Seven Convicted in Forest Park Medical Kickback Scheme
Thursday, April 11, 2019 | 612 | 0 | 13 min read
A Dallas jury on Tuesday found guilty seven of the remaining defendants, including four doctors, in the Forest Park Medical Center kickback case, which involved $40 million in bribery schemes and ensnared a Texas workers' compensation attorney.
A separate trial has been granted for San Antonio attorney Royce Bicklein, accused of accepting payments for referring injured workers for medical treatment.
The federal trial against the other nine defendants came to a close Tuesday, after the jury deliberated for four days, according to a Dallas news report. Some 21 people were originally charged in the case, and 10 of those pleaded guilty prior to trial.
Those convicted Tuesday included Dr. Douglas Won; Dr. Michael Rimlawi; Wilton McPherson Burt, a co-founder of the specialty surgery hospital; Dr. Shawn Henry, a Fort Worth spine surgeon; Dr. Mrugeshkumar Kumar Shah, a pain doctor; Jackson Jacob, a recruiter for Forest Park; and Iris Kathleen Forrest, a nurse.
Dr. Nick Nicholson, a surgeon, was acquitted. Nicholson is a noted bariatric surgeon who has appeared on many television shows, including "Good Morning America," the newspaper reported.
The jury deadlocked on a charge against another defendant, Carli Hempel, who ran the hospital's bariatric program.
The outcome is considered a significant victory for the government and is expected to shake up the health care industry in Texas, the newspaper said. It's the first time North Texas prosecutors have used a federal law, the Travel Act, to win bribery and kickback convictions against health care workers who specifically sidestepped federal insurance programs like Medicare to avoid such an outcome.

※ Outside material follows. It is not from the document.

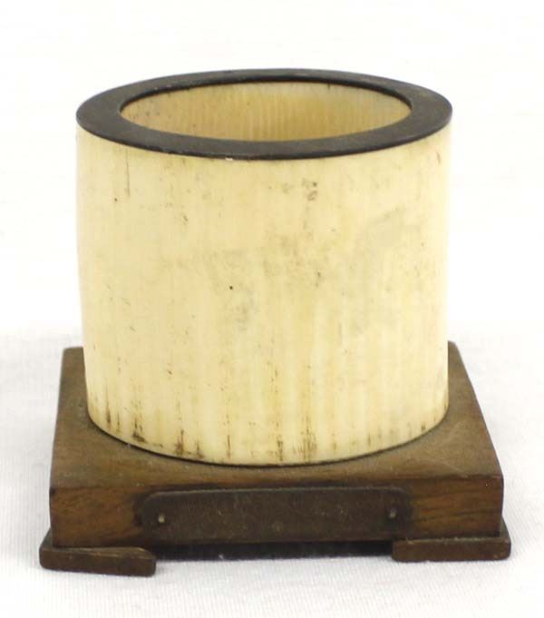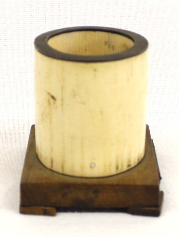 Fossilized Bone Toothpick Holder, on wood base, measures 2.5'' x 2.5''

"The verdict in the Forest Park case is a reminder to health care practitioners across the district that patients — not payments — should guide decisions about how and where doctors administer treatment," said U.S. Attorney Erin Nealy Cox. "We are grateful to the Forest Park jury, 12 men and women who listened attentively through seven long weeks of trial. It's obvious from the verdict that they deliberated each charge carefully, and we appreciate their service."
Defense attorneys argued in the trial that the payments to the surgeons were not kickbacks, but marketing agreements designed to encourage more patients to come to the hospital, which was considered state-of-the-art at the time but is now closed.
The number of defendants who had pleaded guilty in the case was difficult for the defense to overcome, the newspaper reported. Prosecutors harped on it during the trial, asking how the defendants could not have known about the scheme when multiple others did.
But the defense argued that some of the co-defendants lied in exchange for leniency. One doctor said during his testimony that prosecutors scared and pressured them into saying whatever they were asked.
A sentencing date has not been set. Those convicted remain free until then.